#### GOAL OF THE EXERCISE
Retype the entries exactly, but skip the pictures.

____ TASK INPUTS

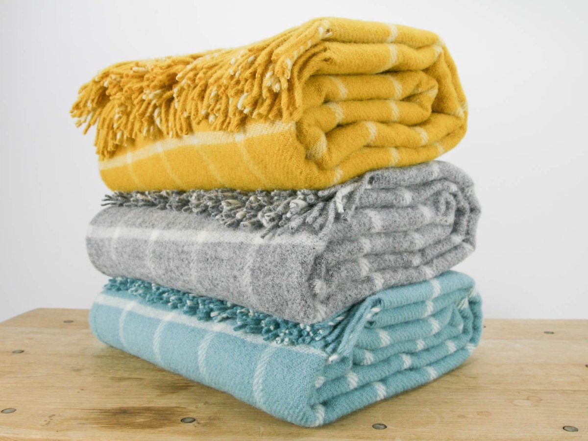 Our Windowpane throws are a classic design that looks as much at home in a country cottage or a designer apartment. Grey is woven with cream windowpane check. Made from soft pure new wool, this means it's the wool's first weaving, to create a strong yet soft texture. Made by Tweedmill Textiles in Flint, Wales at their woollen mill. A great throw to use as a bed runner, or as a throw on a sofa or armchair.
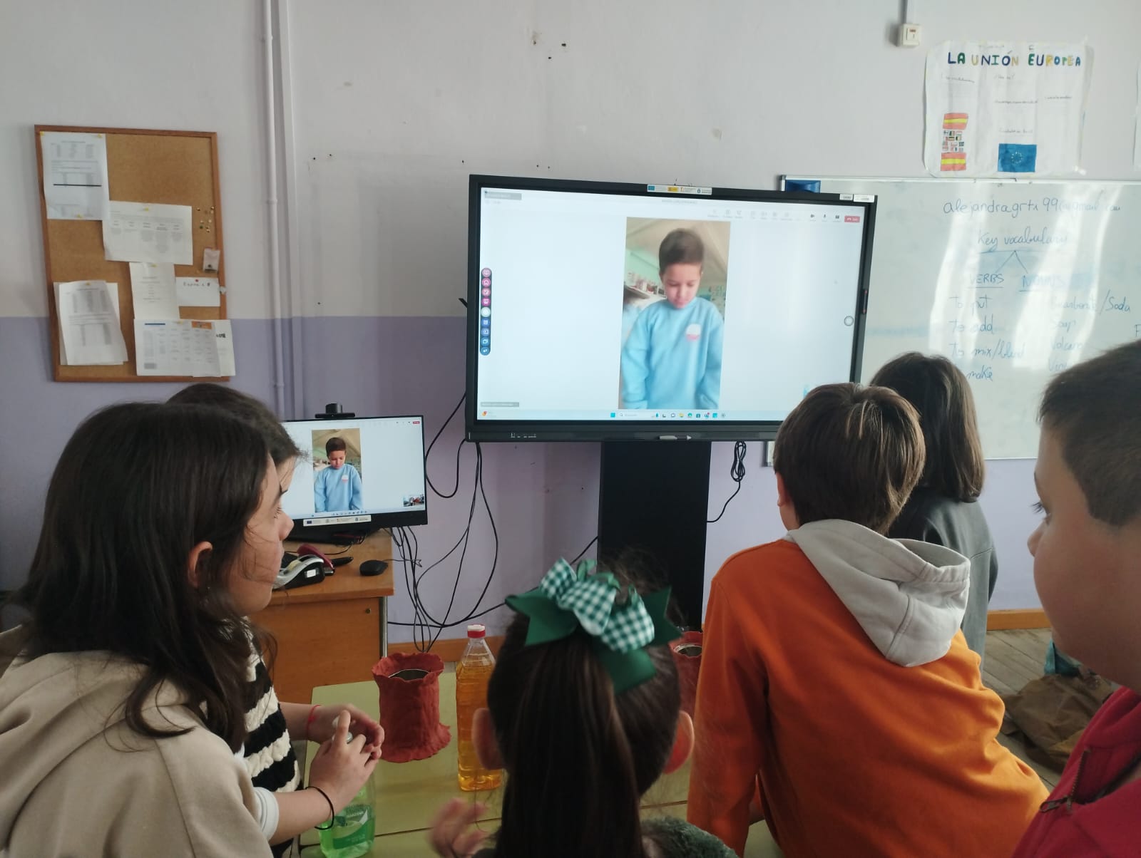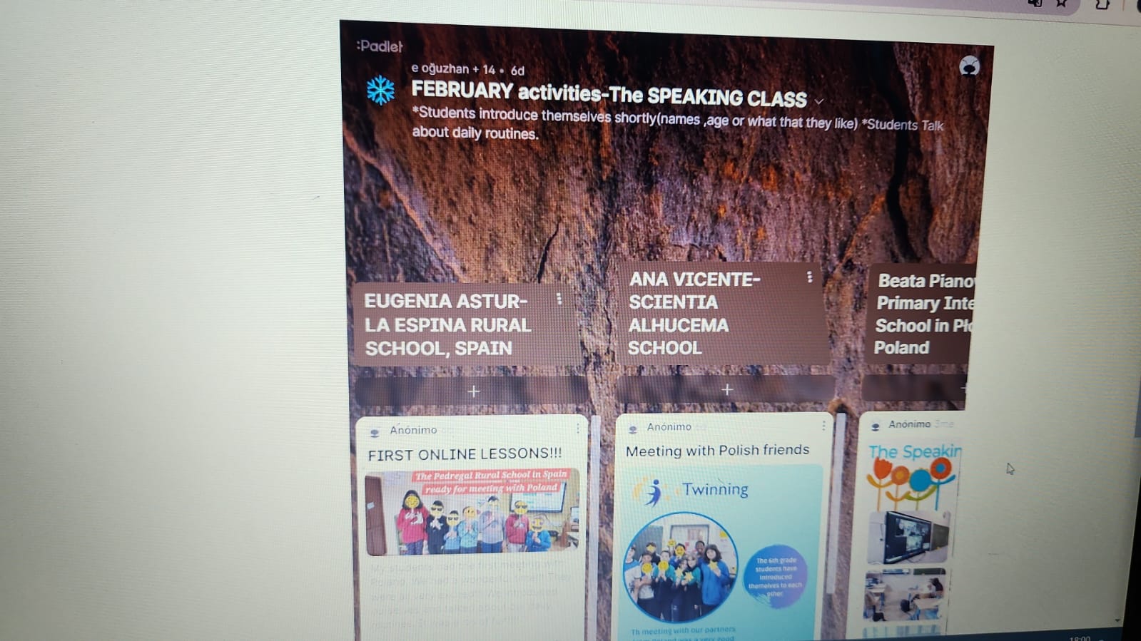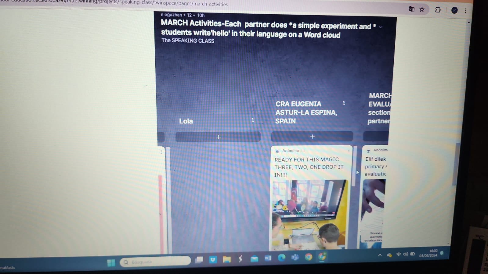Este año nuestro E-twinning Project se llamo The Speaking class y fue con los siguientes países: Turquía, Grecia, Polonia y España. Consistió en mantener encuentros vía Teams con los diferentes niñas y niños de otros coles y ¡como no! nuestro medio de comunicación era el inglés. En Ferbrero nos presentábamos y contábamos cosas que nos gustaban y que hacíamos todos los días. En Marzo preparamos dos Canvas uno con cosas típicas de España y otro de Asturias e hicimos dos experimentos explicando en inglés como se hacían, uno sobre un volcán y el otro sobre una mezcla de colores. Les encantó hacerlo y ver otros. En Abril grabaron una canción con la colaboración de Nerea la profe de Música y la compartieron y jugaron al juego de Simon says vía Teams. En mayo, compartieron algún que otro juego sobre comida y deporte y hablaron sobre el tiempo el día que se conectaban. Y por último este mes hacen la simulación de un restaurante. También de forma colaborativa todos los países grabaron la cancion de Happy. Se asociaron a clubs y compartieron recetas y tuvieron intercambio de cartas. Fue toda una experiencia muy enriquecedora tanto para el alumnado como para el profesorado del cole.
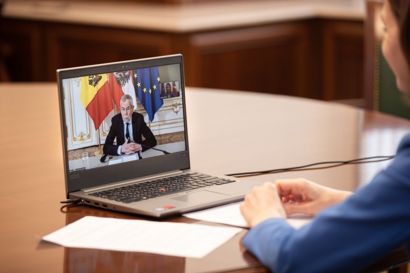 Președintele Republicii Moldova, Maia Sandu, a avut ieri o discuție online cu Președintele Austriei, Alexander Van der Bellen. Șefa statului i-a mulțumit pentru sprijinul acordat țării noastre, inclusiv pentru combaterea pandemiei, atât prin donații directe de echipament și materiale de protecție, cât și prin platforma COVAX.
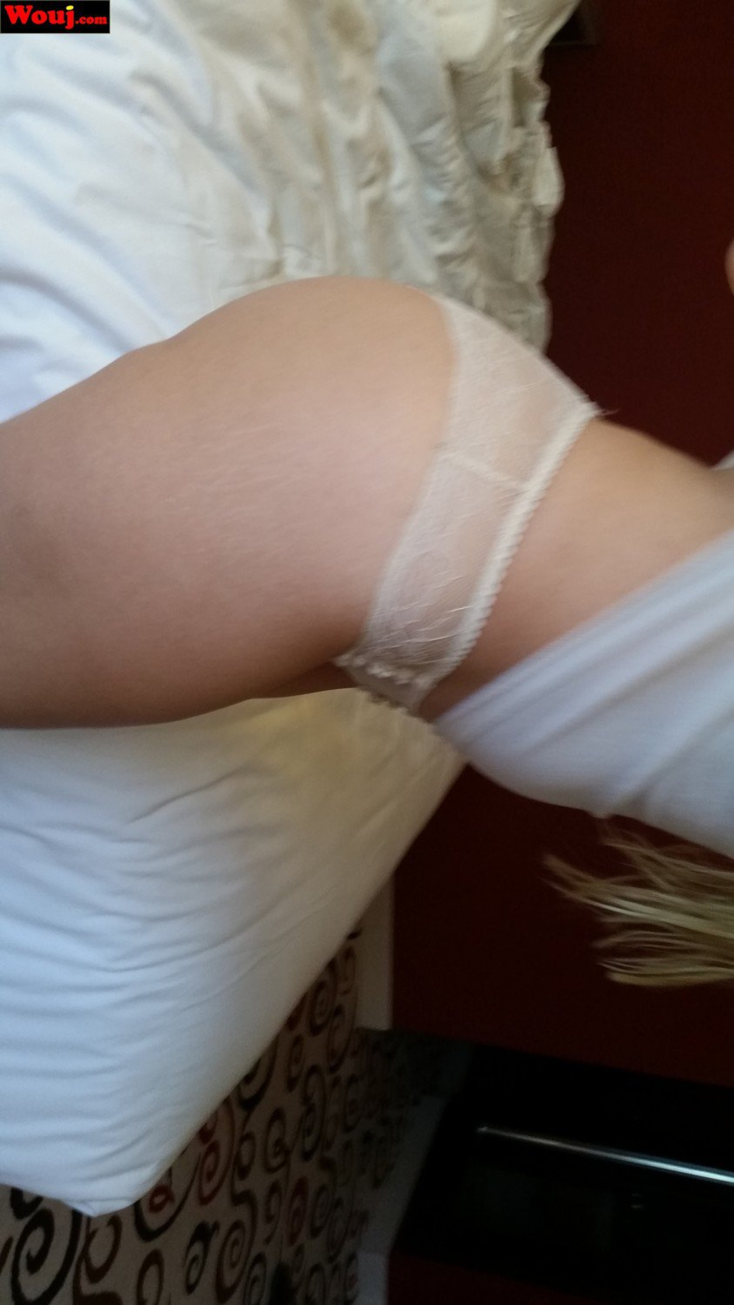 Sexy blonde chick showing her nice ass while posing in panties
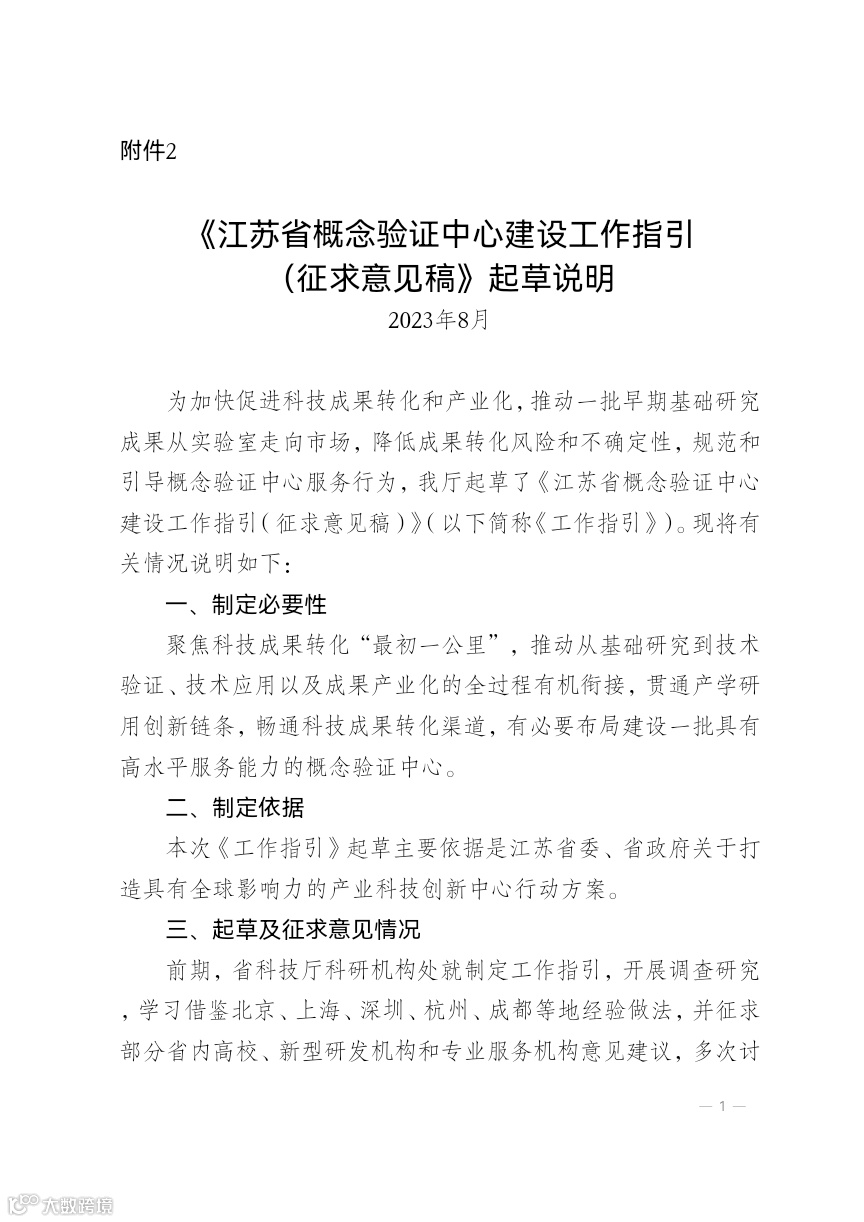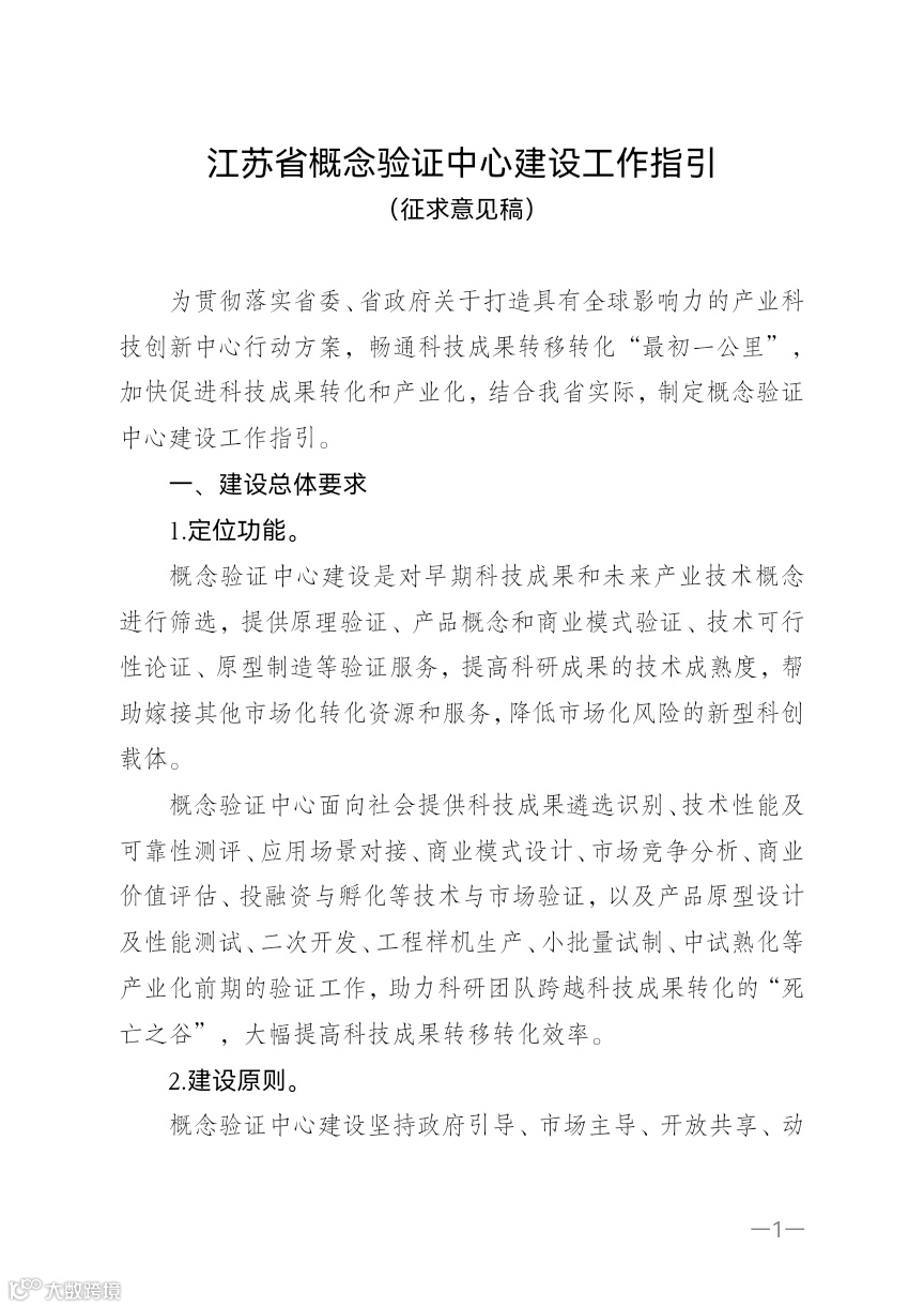 江苏省概念验证中心建设工作指引(征求意见稿)

________

#### EXERCISE OUTPUT
 Our Windowpane throws are a classic design that looks as much at home in a country cottage or a designer apartment. Grey is woven with cream windowpane check. Made from soft pure new wool, this means it's the wool's first weaving, to create a strong yet soft texture. Made by Tweedmill Textiles in Flint, Wales at their woollen mill. A great throw to use as a bed runner, or as a throw on a sofa or armchair.
Este año nuestro E-twinning Project se llamo The Speaking class y fue con los siguientes países: Turquía, Grecia, Polonia y España. Consistió en mantener encuentros vía Teams con los diferentes niñas y niños de otros coles y ¡como no! nuestro medio de comunicación era el inglés. En Ferbrero nos presentábamos y contábamos cosas que nos gustaban y que hacíamos todos los días. En Marzo preparamos dos Canvas uno con cosas típicas de España y otro de Asturias e hicimos dos experimentos explicando en inglés como se hacían, uno sobre un volcán y el otro sobre una mezcla de colores. Les encantó hacerlo y ver otros. En Abril grabaron una canción con la colaboración de Nerea la profe de Música y la compartieron y jugaron al juego de Simon says vía Teams. En mayo, compartieron algún que otro juego sobre comida y deporte y hablaron sobre el tiempo el día que se conectaban. Y por último este mes hacen la simulación de un restaurante. También de forma colaborativa todos los países grabaron la cancion de Happy. Se asociaron a clubs y compartieron recetas y tuvieron intercambio de cartas. Fue toda una experiencia muy enriquecedora tanto para el alumnado como para el profesorado del cole.
 Președintele Republicii Moldova, Maia Sandu, a avut ieri o discuție online cu Președintele Austriei, Alexander Van der Bellen. Șefa statului i-a mulțumit pentru sprijinul acordat țării noastre, inclusiv pentru combaterea pandemiei, atât prin donații directe de echipament și materiale de protecție, cât și prin platforma COVAX.
 Sexy blonde chick showing her nice ass while posing in panties
 江苏省概念验证中心建设工作指引(征求意见稿)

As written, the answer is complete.